Sultan Ahmed Al Jaber, UAE Minister of Industry and Advanced Technology and ADNOC managing director and Group CEO, said, “ENERGYai marks a major milestone in ADNOC’s journey to be the world’s most AI-enabled energy company and a key enabler of the global energy transformation. It will be a powerhouse for value creation and sustainable energy production and will leverage petabytes of data to better empower our people and unlock innovative solutions across our value chain. As AI accelerates the pace of progress and transforms industries, ENERGYai will help future-proof ADNOC, reinforce our position at the forefront of AI deployment and ensure we continue to provide secure and sustainable energy to the world.”

Peng Xiao, Group CEO of G42, said, "ENERGYai embodies G42’s commitment to transforming global energy through AI, delivering real-time, data-driven insights and deploying agentic AI to enhance efficiency, resilience, and sustainability. By combining ADNOC’s industry leadership and petabytes of historical data with G42’s advanced AI capabilities, and collaborating with Microsoft, we are creating a strong foundation for the future of energy—empowering leaders to make strategic choices that drive sustainable progress."
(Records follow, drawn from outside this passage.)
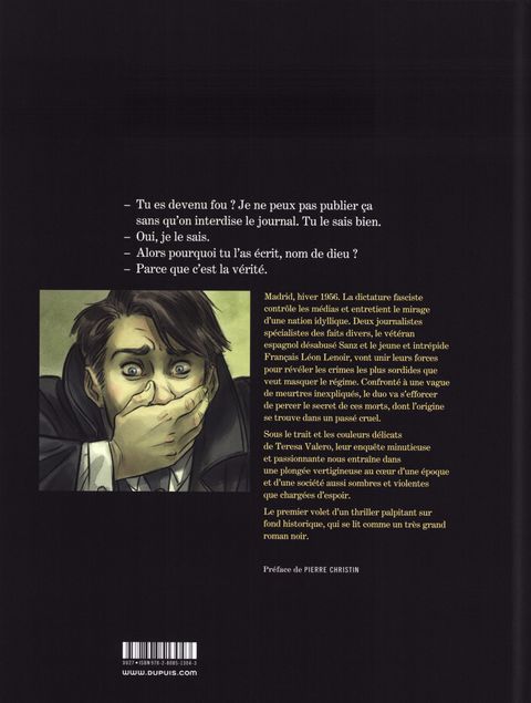 Madrid, hiver 1956. La dictature fasciste contrôle les médias et entretient le mirage d'une nation idyllique. Deux journalistes spécialistes des faits divers, le vétéran espagnol désabusé Sanz et le jeune et intrépide Français Léon Lenoir, vont unir leurs forces pour révéler les crimes les plus sordides que veut masquer le régime. Confronté à une vague de meurtres inexpliqués, le duo va s'efforcer de percer le secret de ces morts, dont l'origine se trouve dans un passé cruel. Sous le trait et les couleurs délicats de Teresa Valero, leur enquête minutieuse et passionnante nous entraîne dans une plongée vertigineuse au cœur d'une époque et d'une société aussi sombres et violentes que chargées d'espoir. Le premier volet d'un thriller palpitant sur fond historique, qui se lit comme un très grand roman noir.
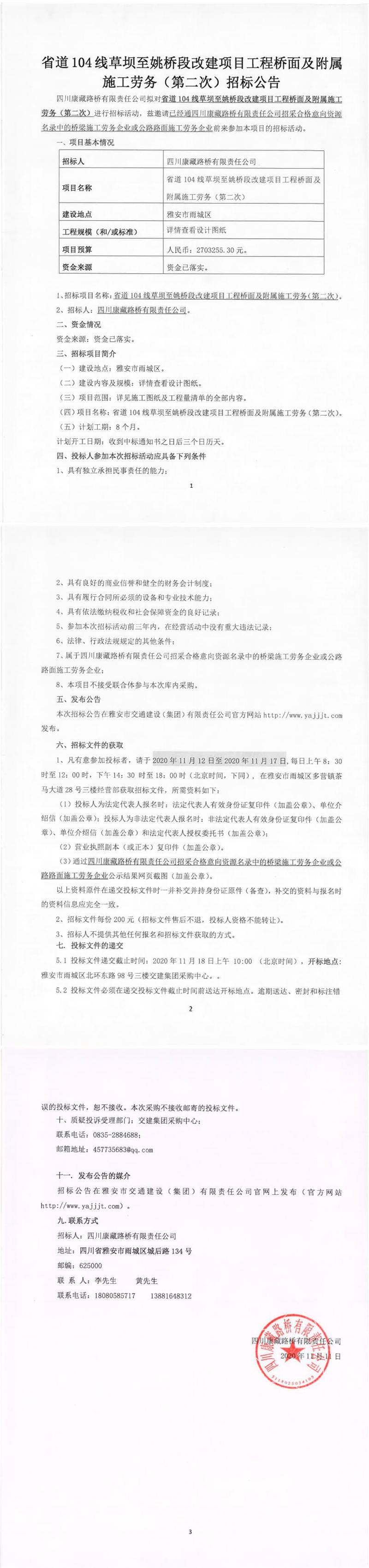 四川康藏路橋有限責任公司省道104線草壩至姚橋段改建項目工程橋面及附屬施工勞務(第二次)招標公告
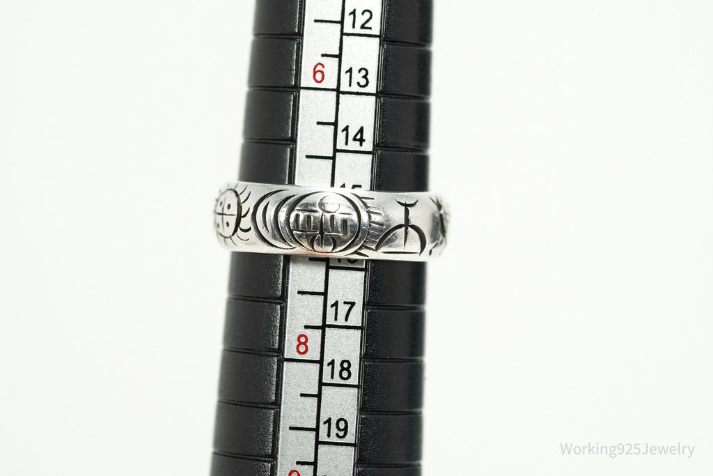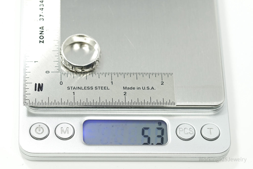 Ring Listings: It is sometimes difficult to determine how a ring will fit without being able to try it on. I always recommend taking your favorite ring to a local jeweler and comparing the way that it sits on a mandrel (ring sizer) with the pictures in the listings prior to purchase. Sometimes wide band rings fit a little differently and I always want my customers to be 100% happy with their purchases! Please let me know if I can help by offering more pictures for size comparison.
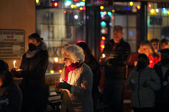2023年1月31日,在美國(guó)加利福尼亞州半月灣市,人們手持蠟燭哀悼槍擊事件遇難者。新華社記者吳曉凌攝
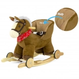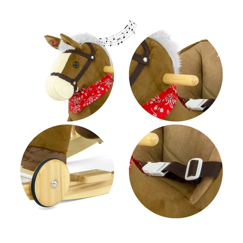 Căluțul, la apăsarea urechilor, redă nechezat vesel și sunet de trap, stimulând percepția senzorială și dezvoltând imaginația copiilor. Șinele din lemn cu reazeme pentru picioare și mânerele ferme ajută copiii să își mențină echilibrul. În plus, șinele pot fi ușor deșurubate pentru depozitare sau transport comod.
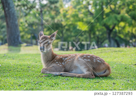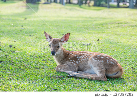 大木の根本でくつろぐ子鹿 奈良公園浅茅ケ原園地
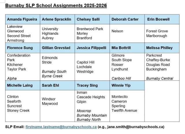 Speech-Language Pathologists (SLPs) in Burnaby Schools assess and treat communication disorders. These may include articulation, language, stuttering, social communication difficulties, and augmentative communication needs.
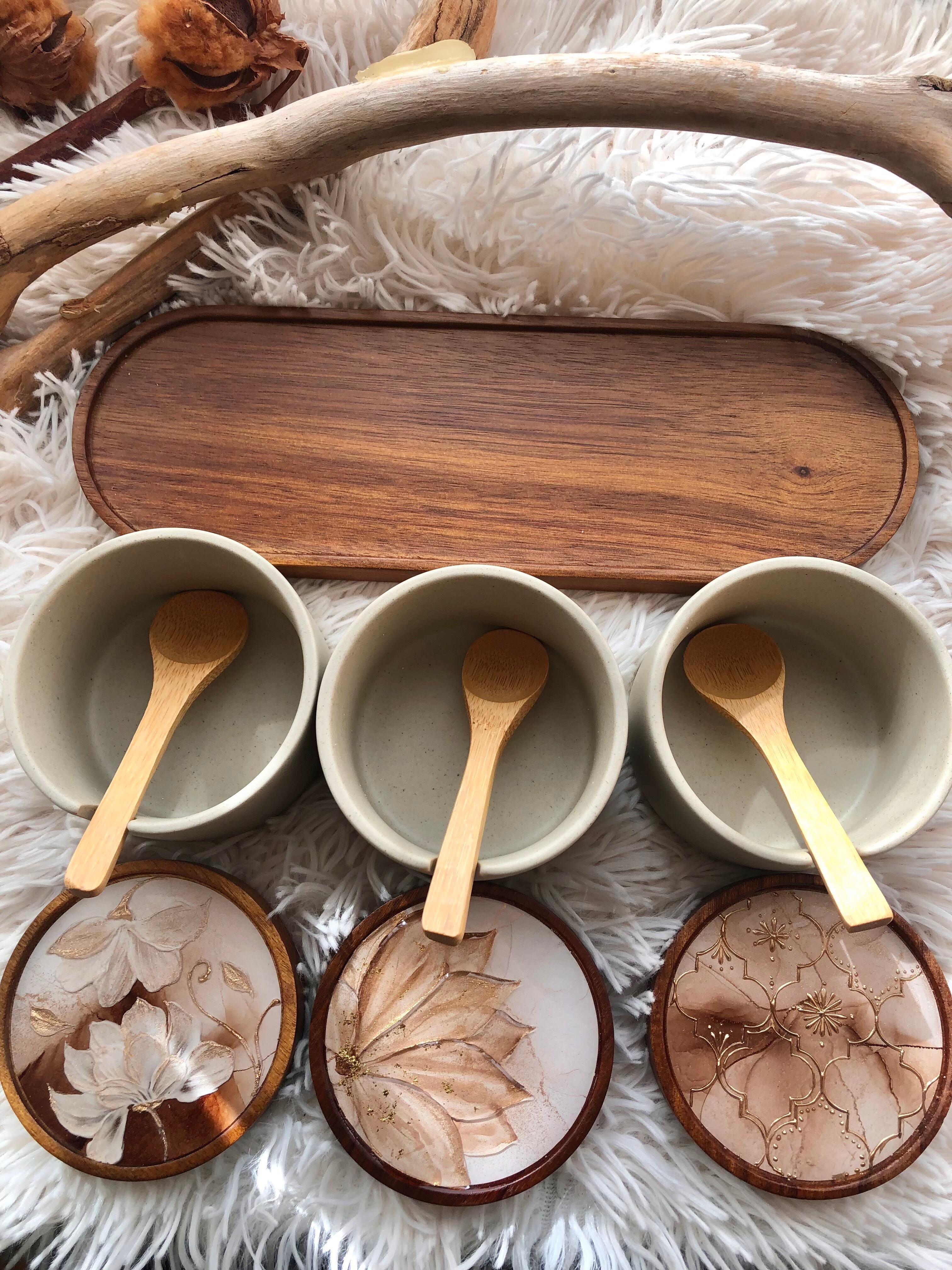 ナチュラルカラーの陶器に濃いめブラウンの木製蓋の調味料ボトルセットです♡

“Across the full value chain of traditional and renewable energy sectors, AI technologies can optimize energy usage, improve safety, reliability and efficiency, reduce emissions and accelerate low- and no-carbon energy solutions,” said Darryl Willis, corporate vice president - energy and resources industry at Microsoft. “We are pleased to be collaborating with ADNOC and AIQ in the development of AI-powered solutions that can drive economic growth, address energy security and equity, and advance a net-zero future for all.”

Trained on ADNOC’s 80 years of data, the ambitious three-year development programme for ENERGYai will begin testing with real-world datasets by the end of 2024 in a number of specific areas. It is projected that ENERGYai will accelerate by up to 75% the building of detailed geological models using very large and diverse datasets to support planning and development of large-scale CO2 storage solutions.

In development planning, ENERGYai will accelerate plans from 1-2 years to weeks, minimising costs and emissions in the process. ENERGYai can analyse multiple scenarios in parallel and this ability to run detailed, highly advanced simulations across all variables helps make faster and more accurate decisions. Further along the value chain in the downstream business, the platform's future-proof and scalable design integrates seamlessly with ADNOC’s existing technologies and platforms.